● **Exercise brief**:
Retype the listing below exactly, pictures removed.

● **Input data**:
══════════
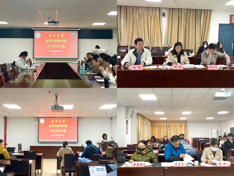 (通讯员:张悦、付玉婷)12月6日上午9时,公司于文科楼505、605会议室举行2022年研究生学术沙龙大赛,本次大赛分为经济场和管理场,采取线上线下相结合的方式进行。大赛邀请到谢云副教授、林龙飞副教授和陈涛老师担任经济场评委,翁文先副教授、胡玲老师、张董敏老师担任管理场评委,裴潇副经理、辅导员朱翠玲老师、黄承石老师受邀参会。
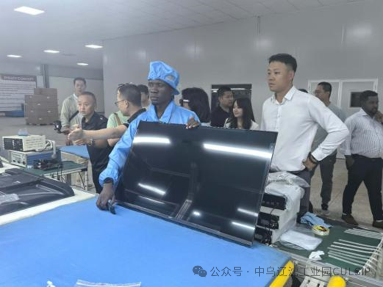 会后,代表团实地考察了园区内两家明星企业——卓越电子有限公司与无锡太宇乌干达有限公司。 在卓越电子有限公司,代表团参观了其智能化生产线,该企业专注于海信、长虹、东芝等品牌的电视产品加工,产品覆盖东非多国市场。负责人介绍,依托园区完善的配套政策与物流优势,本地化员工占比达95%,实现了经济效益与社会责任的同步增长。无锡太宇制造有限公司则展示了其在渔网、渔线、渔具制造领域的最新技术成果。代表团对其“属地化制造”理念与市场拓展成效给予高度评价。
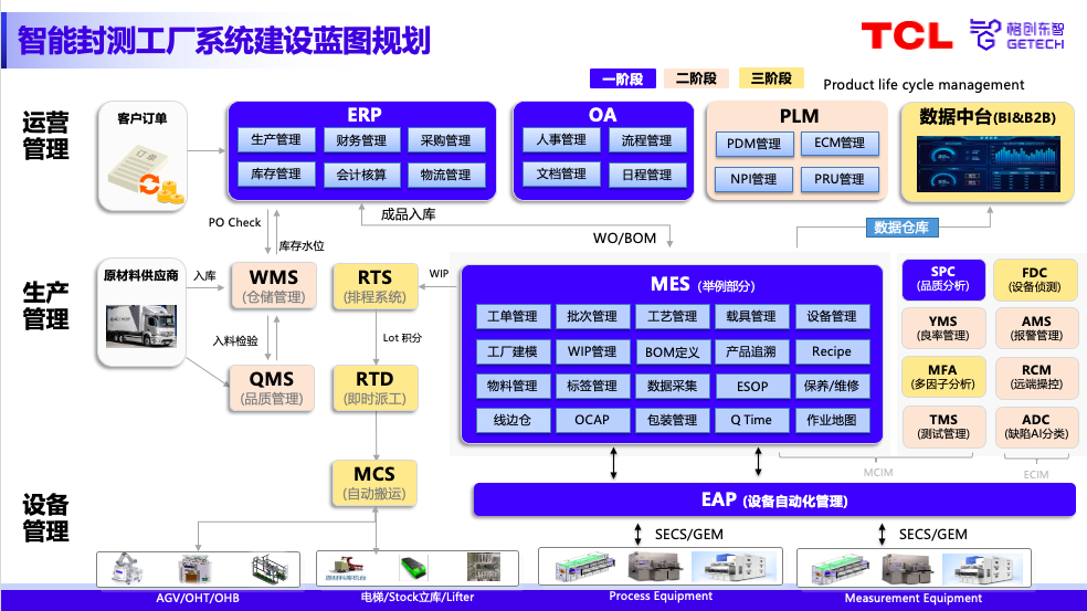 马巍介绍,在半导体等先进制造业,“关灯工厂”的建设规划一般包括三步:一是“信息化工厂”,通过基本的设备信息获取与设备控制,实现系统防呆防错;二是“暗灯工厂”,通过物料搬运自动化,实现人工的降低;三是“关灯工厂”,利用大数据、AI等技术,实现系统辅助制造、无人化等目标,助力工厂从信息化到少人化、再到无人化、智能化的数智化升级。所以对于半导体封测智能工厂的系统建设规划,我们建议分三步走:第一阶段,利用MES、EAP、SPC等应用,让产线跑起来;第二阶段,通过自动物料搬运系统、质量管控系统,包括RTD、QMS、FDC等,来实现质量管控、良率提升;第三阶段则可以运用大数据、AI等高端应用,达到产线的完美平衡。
══════════
● **Solution**:
 (通讯员:张悦、付玉婷)12月6日上午9时,公司于文科楼505、605会议室举行2022年研究生学术沙龙大赛,本次大赛分为经济场和管理场,采取线上线下相结合的方式进行。大赛邀请到谢云副教授、林龙飞副教授和陈涛老师担任经济场评委,翁文先副教授、胡玲老师、张董敏老师担任管理场评委,裴潇副经理、辅导员朱翠玲老师、黄承石老师受邀参会。
 会后,代表团实地考察了园区内两家明星企业——卓越电子有限公司与无锡太宇乌干达有限公司。 在卓越电子有限公司,代表团参观了其智能化生产线,该企业专注于海信、长虹、东芝等品牌的电视产品加工,产品覆盖东非多国市场。负责人介绍,依托园区完善的配套政策与物流优势,本地化员工占比达95%,实现了经济效益与社会责任的同步增长。无锡太宇制造有限公司则展示了其在渔网、渔线、渔具制造领域的最新技术成果。代表团对其“属地化制造”理念与市场拓展成效给予高度评价。
 马巍介绍,在半导体等先进制造业,“关灯工厂”的建设规划一般包括三步:一是“信息化工厂”,通过基本的设备信息获取与设备控制,实现系统防呆防错;二是“暗灯工厂”,通过物料搬运自动化,实现人工的降低;三是“关灯工厂”,利用大数据、AI等技术,实现系统辅助制造、无人化等目标,助力工厂从信息化到少人化、再到无人化、智能化的数智化升级。所以对于半导体封测智能工厂的系统建设规划,我们建议分三步走:第一阶段,利用MES、EAP、SPC等应用,让产线跑起来;第二阶段,通过自动物料搬运系统、质量管控系统,包括RTD、QMS、FDC等,来实现质量管控、良率提升;第三阶段则可以运用大数据、AI等高端应用,达到产线的完美平衡。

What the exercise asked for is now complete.